Content starts

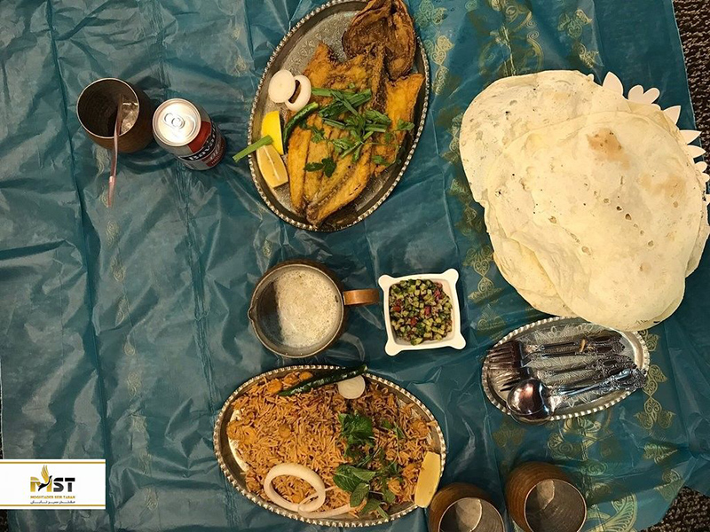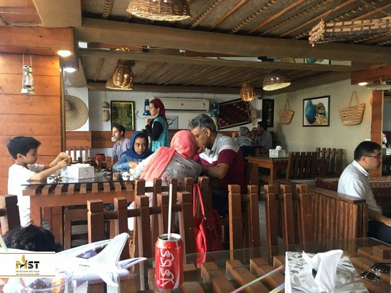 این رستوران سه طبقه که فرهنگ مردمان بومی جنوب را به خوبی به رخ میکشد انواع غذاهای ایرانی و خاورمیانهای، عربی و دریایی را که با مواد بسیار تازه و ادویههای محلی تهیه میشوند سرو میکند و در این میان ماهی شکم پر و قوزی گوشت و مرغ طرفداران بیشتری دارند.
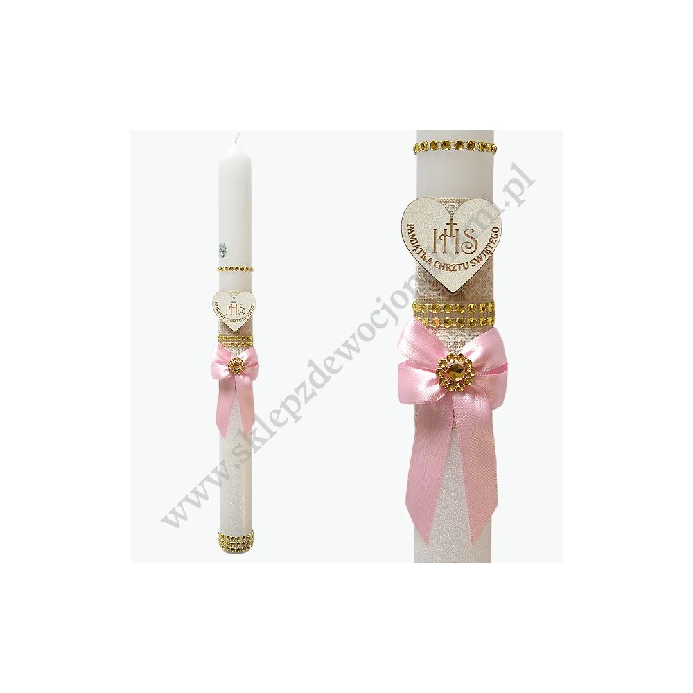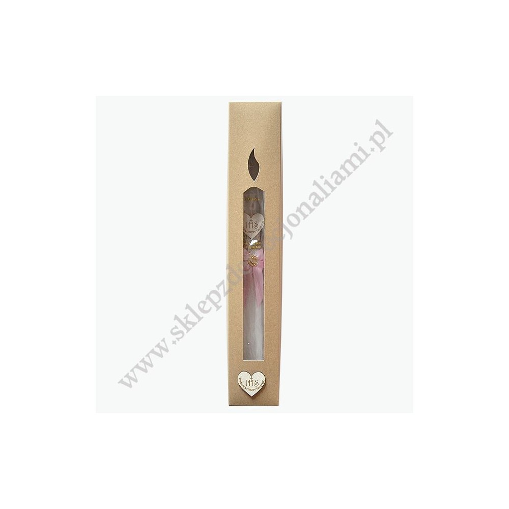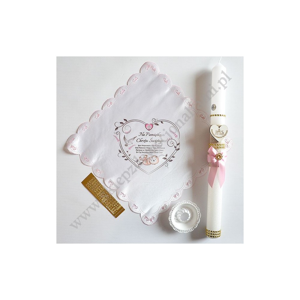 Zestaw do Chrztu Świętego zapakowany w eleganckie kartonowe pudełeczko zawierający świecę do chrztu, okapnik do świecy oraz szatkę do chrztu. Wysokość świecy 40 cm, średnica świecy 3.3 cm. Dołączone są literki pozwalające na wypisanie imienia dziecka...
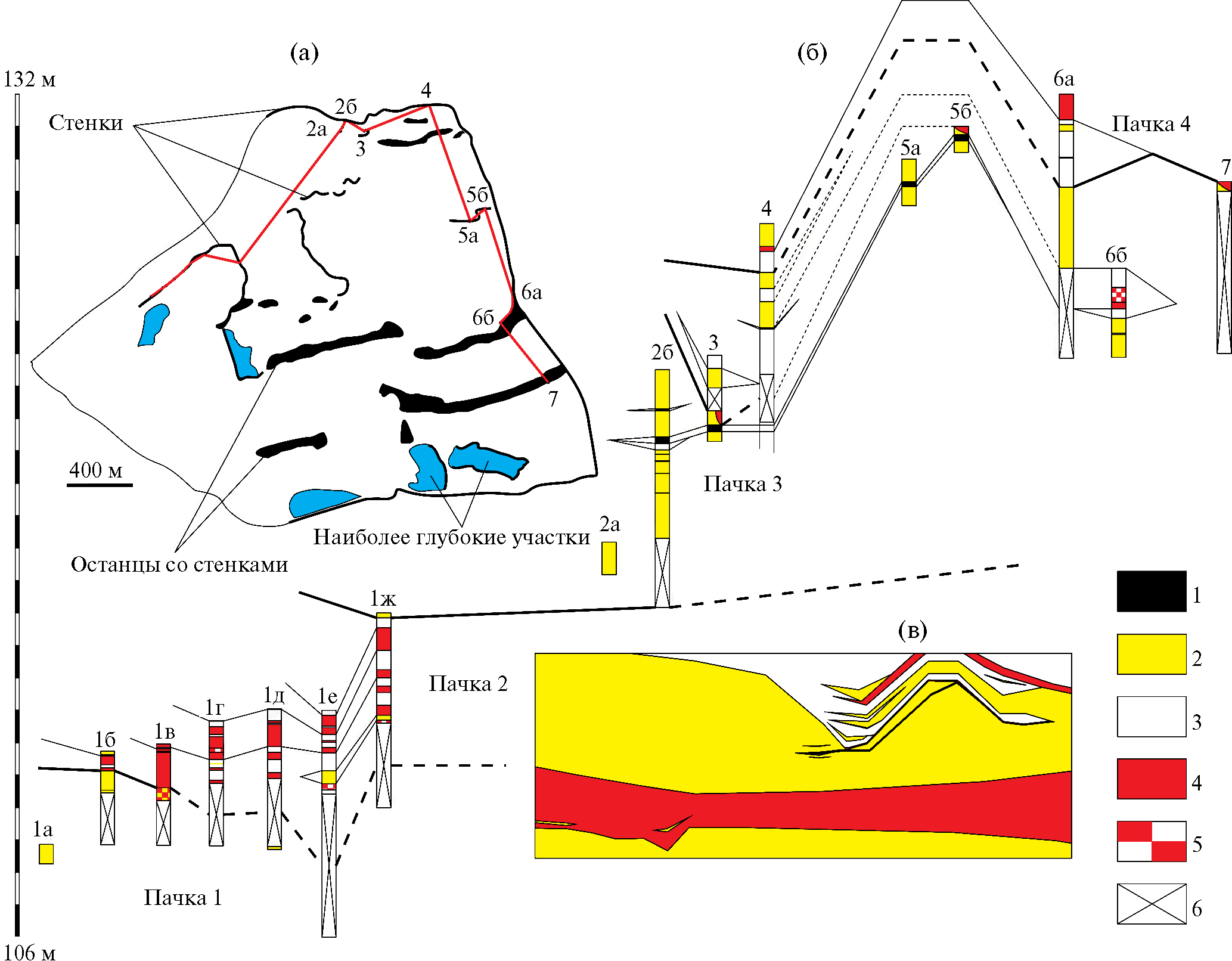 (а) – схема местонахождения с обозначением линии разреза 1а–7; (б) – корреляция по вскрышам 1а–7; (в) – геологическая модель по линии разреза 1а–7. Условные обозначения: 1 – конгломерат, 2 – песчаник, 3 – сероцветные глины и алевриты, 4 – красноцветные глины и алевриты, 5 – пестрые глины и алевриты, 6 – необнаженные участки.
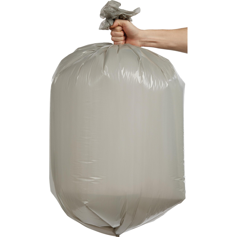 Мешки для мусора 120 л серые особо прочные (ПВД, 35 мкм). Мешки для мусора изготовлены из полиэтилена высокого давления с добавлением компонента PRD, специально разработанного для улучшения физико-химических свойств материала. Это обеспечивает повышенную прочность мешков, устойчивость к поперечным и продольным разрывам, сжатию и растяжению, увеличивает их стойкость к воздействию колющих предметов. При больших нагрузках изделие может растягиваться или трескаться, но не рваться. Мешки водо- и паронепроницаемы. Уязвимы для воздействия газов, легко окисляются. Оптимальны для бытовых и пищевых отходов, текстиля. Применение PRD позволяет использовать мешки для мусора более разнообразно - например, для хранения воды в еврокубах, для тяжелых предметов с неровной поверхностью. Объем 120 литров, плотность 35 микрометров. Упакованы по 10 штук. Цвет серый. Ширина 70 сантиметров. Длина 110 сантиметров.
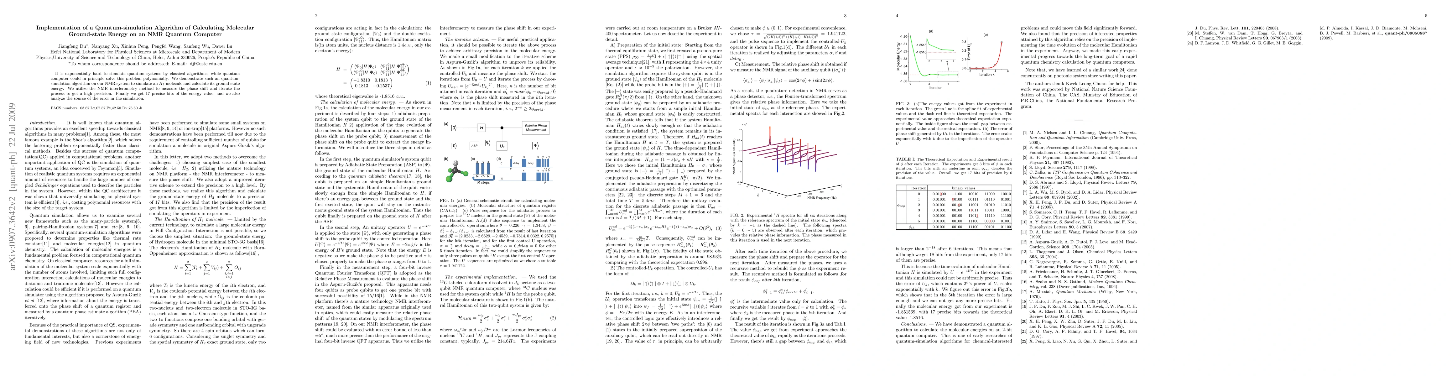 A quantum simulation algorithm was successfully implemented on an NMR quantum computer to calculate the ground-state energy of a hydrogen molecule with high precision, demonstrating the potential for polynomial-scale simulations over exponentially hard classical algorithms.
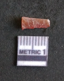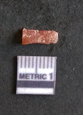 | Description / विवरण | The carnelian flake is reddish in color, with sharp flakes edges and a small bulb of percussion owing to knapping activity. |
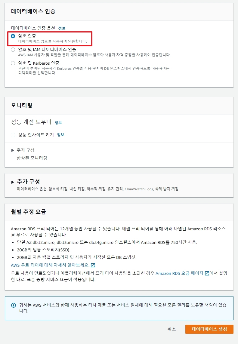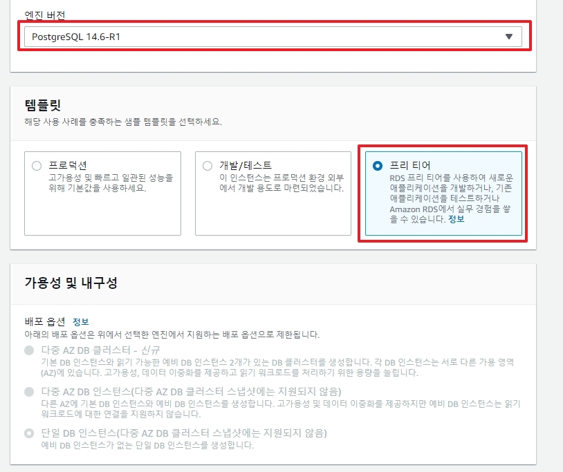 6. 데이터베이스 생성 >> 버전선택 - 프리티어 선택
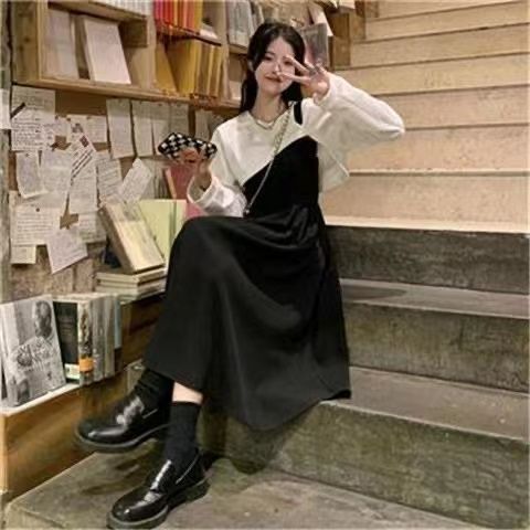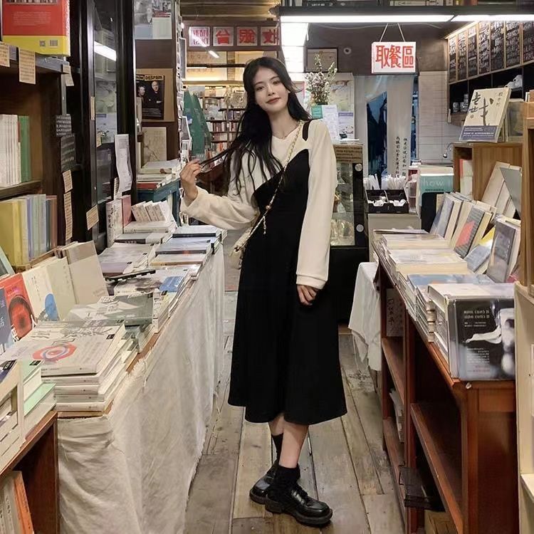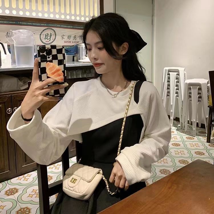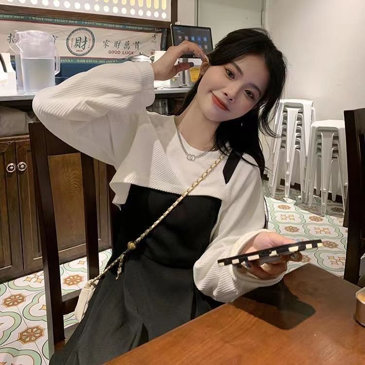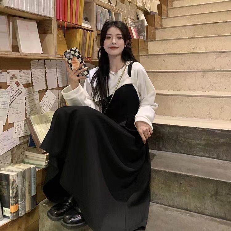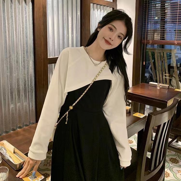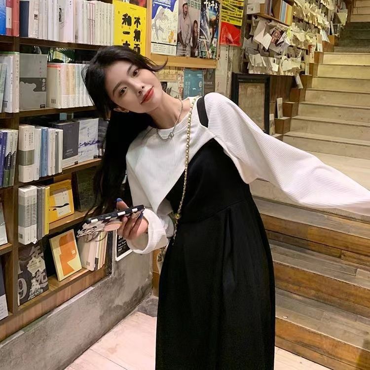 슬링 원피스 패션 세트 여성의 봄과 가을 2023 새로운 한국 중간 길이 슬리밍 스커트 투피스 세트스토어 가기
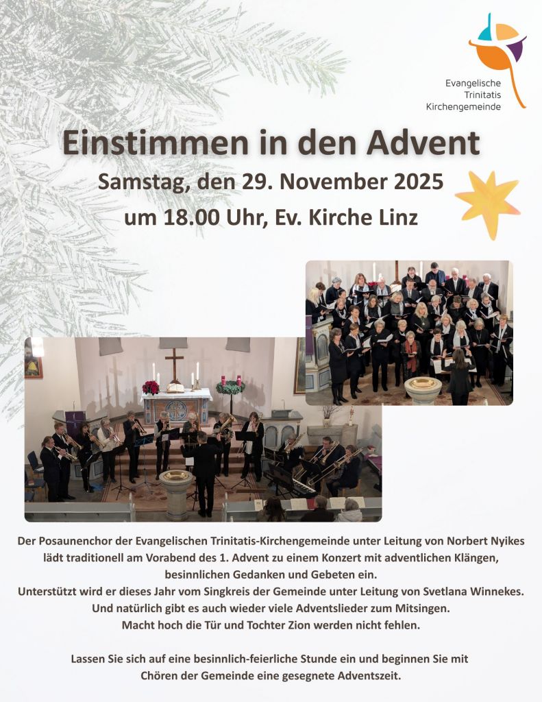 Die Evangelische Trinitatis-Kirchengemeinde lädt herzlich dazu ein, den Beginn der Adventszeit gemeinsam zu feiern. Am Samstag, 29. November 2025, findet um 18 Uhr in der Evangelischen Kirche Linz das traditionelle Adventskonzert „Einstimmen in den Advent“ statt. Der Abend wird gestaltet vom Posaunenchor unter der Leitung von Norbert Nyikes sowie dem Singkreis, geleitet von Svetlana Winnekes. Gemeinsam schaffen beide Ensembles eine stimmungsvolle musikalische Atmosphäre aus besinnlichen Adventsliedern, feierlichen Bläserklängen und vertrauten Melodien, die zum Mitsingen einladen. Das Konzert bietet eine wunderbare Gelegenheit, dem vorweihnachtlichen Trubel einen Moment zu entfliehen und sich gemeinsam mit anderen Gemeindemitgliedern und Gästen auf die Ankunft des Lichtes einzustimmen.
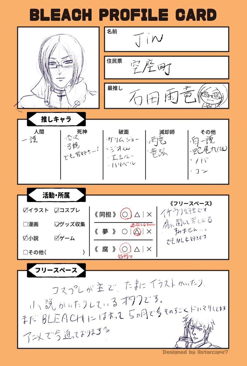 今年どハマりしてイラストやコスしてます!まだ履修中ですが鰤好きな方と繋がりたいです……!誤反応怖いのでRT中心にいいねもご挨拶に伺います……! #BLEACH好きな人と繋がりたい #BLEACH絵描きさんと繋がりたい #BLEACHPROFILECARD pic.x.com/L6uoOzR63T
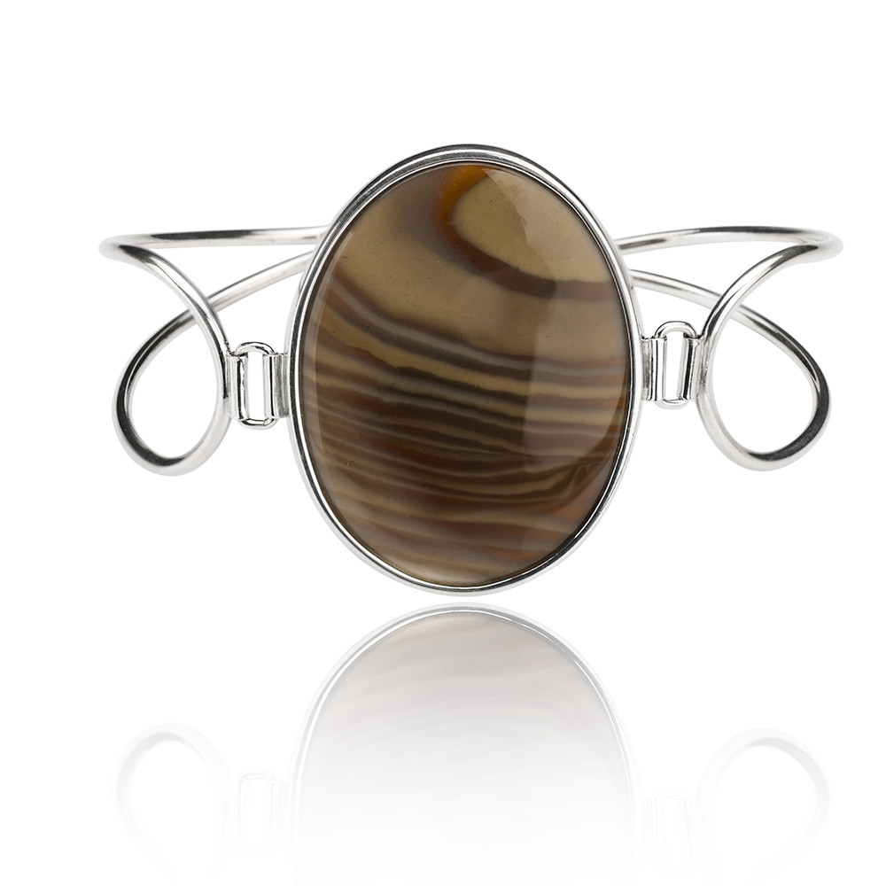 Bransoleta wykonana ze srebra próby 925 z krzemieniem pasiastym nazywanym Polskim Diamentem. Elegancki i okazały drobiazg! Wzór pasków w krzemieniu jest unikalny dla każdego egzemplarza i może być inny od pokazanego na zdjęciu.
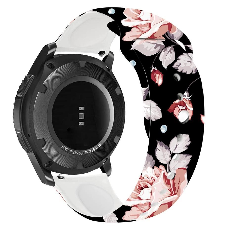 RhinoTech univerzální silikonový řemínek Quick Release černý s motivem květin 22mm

Content ends

*TASK ITEM*
Could the data be reproduced exactly, with the pictures omitted?

*SOLUTION FOR THIS PROBLEM*
 این رستوران سه طبقه که فرهنگ مردمان بومی جنوب را به خوبی به رخ میکشد انواع غذاهای ایرانی و خاورمیانهای، عربی و دریایی را که با مواد بسیار تازه و ادویههای محلی تهیه میشوند سرو میکند و در این میان ماهی شکم پر و قوزی گوشت و مرغ طرفداران بیشتری دارند.
 Zestaw do Chrztu Świętego zapakowany w eleganckie kartonowe pudełeczko zawierający świecę do chrztu, okapnik do świecy oraz szatkę do chrztu. Wysokość świecy 40 cm, średnica świecy 3.3 cm. Dołączone są literki pozwalające na wypisanie imienia dziecka...
 (а) – схема местонахождения с обозначением линии разреза 1а–7; (б) – корреляция по вскрышам 1а–7; (в) – геологическая модель по линии разреза 1а–7. Условные обозначения: 1 – конгломерат, 2 – песчаник, 3 – сероцветные глины и алевриты, 4 – красноцветные глины и алевриты, 5 – пестрые глины и алевриты, 6 – необнаженные участки.
 Мешки для мусора 120 л серые особо прочные (ПВД, 35 мкм). Мешки для мусора изготовлены из полиэтилена высокого давления с добавлением компонента PRD, специально разработанного для улучшения физико-химических свойств материала. Это обеспечивает повышенную прочность мешков, устойчивость к поперечным и продольным разрывам, сжатию и растяжению, увеличивает их стойкость к воздействию колющих предметов. При больших нагрузках изделие может растягиваться или трескаться, но не рваться. Мешки водо- и паронепроницаемы. Уязвимы для воздействия газов, легко окисляются. Оптимальны для бытовых и пищевых отходов, текстиля. Применение PRD позволяет использовать мешки для мусора более разнообразно - например, для хранения воды в еврокубах, для тяжелых предметов с неровной поверхностью. Объем 120 литров, плотность 35 микрометров. Упакованы по 10 штук. Цвет серый. Ширина 70 сантиметров. Длина 110 сантиметров.
 A quantum simulation algorithm was successfully implemented on an NMR quantum computer to calculate the ground-state energy of a hydrogen molecule with high precision, demonstrating the potential for polynomial-scale simulations over exponentially hard classical algorithms.
 | Description / विवरण | The carnelian flake is reddish in color, with sharp flakes edges and a small bulb of percussion owing to knapping activity. |
 6. 데이터베이스 생성 >> 버전선택 - 프리티어 선택
 슬링 원피스 패션 세트 여성의 봄과 가을 2023 새로운 한국 중간 길이 슬리밍 스커트 투피스 세트스토어 가기
 Die Evangelische Trinitatis-Kirchengemeinde lädt herzlich dazu ein, den Beginn der Adventszeit gemeinsam zu feiern. Am Samstag, 29. November 2025, findet um 18 Uhr in der Evangelischen Kirche Linz das traditionelle Adventskonzert „Einstimmen in den Advent“ statt. Der Abend wird gestaltet vom Posaunenchor unter der Leitung von Norbert Nyikes sowie dem Singkreis, geleitet von Svetlana Winnekes. Gemeinsam schaffen beide Ensembles eine stimmungsvolle musikalische Atmosphäre aus besinnlichen Adventsliedern, feierlichen Bläserklängen und vertrauten Melodien, die zum Mitsingen einladen. Das Konzert bietet eine wunderbare Gelegenheit, dem vorweihnachtlichen Trubel einen Moment zu entfliehen und sich gemeinsam mit anderen Gemeindemitgliedern und Gästen auf die Ankunft des Lichtes einzustimmen.
 今年どハマりしてイラストやコスしてます!まだ履修中ですが鰤好きな方と繋がりたいです……!誤反応怖いのでRT中心にいいねもご挨拶に伺います……! #BLEACH好きな人と繋がりたい #BLEACH絵描きさんと繋がりたい #BLEACHPROFILECARD pic.x.com/L6uoOzR63T
 Bransoleta wykonana ze srebra próby 925 z krzemieniem pasiastym nazywanym Polskim Diamentem. Elegancki i okazały drobiazg! Wzór pasków w krzemieniu jest unikalny dla każdego egzemplarza i może być inny od pokazanego na zdjęciu.
 RhinoTech univerzální silikonový řemínek Quick Release černý s motivem květin 22mm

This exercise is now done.